I had visited Iceland in March or April many years ago on a school Geography trip and it was definitely my introduction to appreciating the immense beauty of nature. But my trip with Will was over new year and in the depths of winter and being a few years older, the experience was even more incredible.
We stayed one night in Reyjkavic at a guest house. It was fairly basic but clean and a good place to sleep after a late flight. There was minimal daylight hours (about 11.30-3.30) and the mornings were slow - coffee shops tend to open at about 11ish depending on the day, although we were there between Christmas and New Year so would probably have made that worse. What it meant was that we had much shorter time exploring each day than we expected but to be honest it was enough to still feel as though we saw lots because the drives are so beautiful. Although we covered a very small amount of ground, every moment was draw dropingly beautiful along the way.

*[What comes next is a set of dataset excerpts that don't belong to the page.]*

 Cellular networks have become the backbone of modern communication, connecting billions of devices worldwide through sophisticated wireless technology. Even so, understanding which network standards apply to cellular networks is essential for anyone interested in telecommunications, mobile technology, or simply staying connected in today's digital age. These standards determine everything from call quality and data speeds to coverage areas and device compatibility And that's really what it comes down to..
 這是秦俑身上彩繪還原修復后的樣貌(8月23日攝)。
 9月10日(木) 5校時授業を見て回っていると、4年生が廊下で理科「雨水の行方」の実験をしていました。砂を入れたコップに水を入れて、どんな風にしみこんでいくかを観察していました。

We drove from Reyjkavic to Vik and back in two days and a morning, stopping at the Golden circle sites (Þingvellir National Park, the Gullfoss waterfall, and the geothermic area with the geysers). This was really touristy and while there were cool to see, we didn't love this part because it felt a little over commercialised (compared to driving through expanses of mountains etc). It was still worth a visit though, and a great place to aim for when you get on the road.

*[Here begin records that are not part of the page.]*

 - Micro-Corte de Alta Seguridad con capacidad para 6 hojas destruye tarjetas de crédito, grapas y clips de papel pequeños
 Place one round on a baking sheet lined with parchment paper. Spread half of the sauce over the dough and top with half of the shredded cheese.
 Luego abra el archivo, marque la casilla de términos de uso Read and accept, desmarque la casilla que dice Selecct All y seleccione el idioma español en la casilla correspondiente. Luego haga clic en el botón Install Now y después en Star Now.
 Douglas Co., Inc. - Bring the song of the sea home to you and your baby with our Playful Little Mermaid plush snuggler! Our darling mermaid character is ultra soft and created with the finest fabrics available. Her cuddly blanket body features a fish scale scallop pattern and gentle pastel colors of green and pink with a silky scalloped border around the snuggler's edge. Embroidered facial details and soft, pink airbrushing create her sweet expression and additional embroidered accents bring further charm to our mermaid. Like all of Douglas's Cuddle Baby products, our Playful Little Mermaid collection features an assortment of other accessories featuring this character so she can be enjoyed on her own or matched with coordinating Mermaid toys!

Of course, being a last minute trip, when we tried to book a slot at Blue Lagoon, we weren’t able to find one at the right time for us. It’s positioned well for a stop off to/from the airport, but we didn’t want to travel back their in between. So we visited the secret lagoon in stead. Not the same in terms of a spectacle, but a nice evening activity as it got dark so early. You’ll see people doing laps of the pool and think they’re mad, but don’t knock it til you’ve tried it!

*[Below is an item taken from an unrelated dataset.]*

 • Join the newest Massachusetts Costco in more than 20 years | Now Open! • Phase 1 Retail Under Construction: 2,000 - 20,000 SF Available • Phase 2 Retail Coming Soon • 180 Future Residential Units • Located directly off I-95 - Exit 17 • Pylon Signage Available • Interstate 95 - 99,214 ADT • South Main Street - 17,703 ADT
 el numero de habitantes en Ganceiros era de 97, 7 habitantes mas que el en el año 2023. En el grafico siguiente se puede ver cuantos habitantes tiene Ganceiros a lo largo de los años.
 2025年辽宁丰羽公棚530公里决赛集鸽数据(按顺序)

We then drove down to our accommodation, Bru Guesthouse. One of the most spectacular places I’ve ever stayed. The guest house is set in the middle of an expanse of landscape leading to the foothills of some mountains, with nothing in between. Despite their being 8 cabins, we didn’t see another soul after checking in and we had a cosy evening, cooking to music, candles lit and watching out for the northern lights (which unfortunately we didn’t get to see!). Make sure to be organised in terms of food en route, as there is very little close by. Having arrived at night, we work up to the most insane view to enjoy before continuing on our adventure.
We were there over New Year’s Eve but in stead of following the crowds back to Reyjavik, we decided to go low key and drove down to Reynisfjara black sand beach. It was a little bit touristy again but we saw the most incredible sunset there. Its a lovely place to walk if you don’t mind a few passers by, and the geography is pretty cool. After catching 60% of the sunset on one side, we then drove round the coast a few miles to a pretty village called Vik to see the sunset from the other side. Such a special way to watch the sun go down on the end of they year!
The following day we tried to fit something in before getting our flight home but it didn't quite go to plan and we ended up just having a walk in a little village and then driving back to the airport but the drive was incredible. There was a hike from Hveragerdi that a friend recommended but we got a bit confused and just walked round the town in stead, but that's where we drove to the airport from.
I wish we had had more time. Essentially there is this ring road that goes round the whole island. It's kind of a tourist trail, but some parts more touristy than others! My best recommendation would be to get a 4x4 and just go exploring!! Depending on the time of year, the landscape changes hugely, but the drives were stunning and we loved the freedom of doing our own thing.